I was dog-gone tired, though the dog known as Patch (PTD) had NOT gone and was acting is a bolster, stretched from the pillow region to the knee area, between my good self and Mrs H.
And yet my tummy was making weird little noises, and an aching hunger came upon me, so I knew I needed some sustenance (toast, cereal - some sort of traditional breakfast, I don't like to be revolutionary, especially early in the morning).
So what was I to do? Having not got to sleep until circa 2am I was pooped.
Should I decamp, leaving Mrs H and PTD in their cosy slumber, in the welcoming, all-embracing, cosy folds of the duvet? Could I really thrust a limb out from the warm depths of the bed into the cold air of the room - only to be followed by the rest of my hitherto blissfully toastie-warm body?
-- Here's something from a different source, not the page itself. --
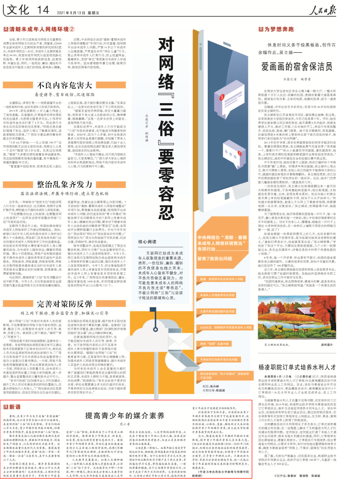8月13日,《人民日报》刊登搜同 广告系主任范小青老师《提高青少年的媒介素养》一文。全文如下:暑假,是青少年与电子设备“亲密接触”的高峰期,这让许多家长担心孩子沉迷游戏,或受到网络“三俗”的不良...

Or would I be a coward and decide that a rumbling tumski was a price worth paying for more time snoozing?
In our opulent world, figuratively speaking, this is what comes close to a moral dilemma.
|Do I have to get up?|
I am, if nothing else a coward who fears the cold air of the morning.
Here endeth the lesson.
Except... it did cross my mind that if I were a decadent liberal, a homosexualist trying to rip apart societal norms or just a lazy student, I would probably have some cold half-eaten (even day old) foodstuff to hand and some flat old beer nearby to wash it down with.
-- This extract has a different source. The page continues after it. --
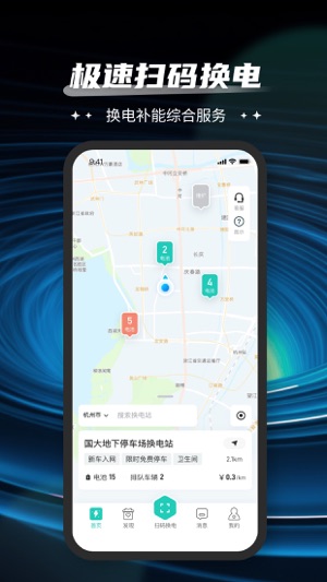 2、点击扫码换电,3步完成换电流程

So whilst I initially thought that I was being decadent and lazy in turning back into the welcoming warmth of the Hurley bed, I now realise that in not behaving like someone intent on changing the millennial meaning of marriage, and embracing my hunger, I was in fact supporting the struggle of Catholic tradition, general goodness and the centrality of marriage as one man - one woman in society.
And I hadn't even done too much yet! The day could only get better from here on in!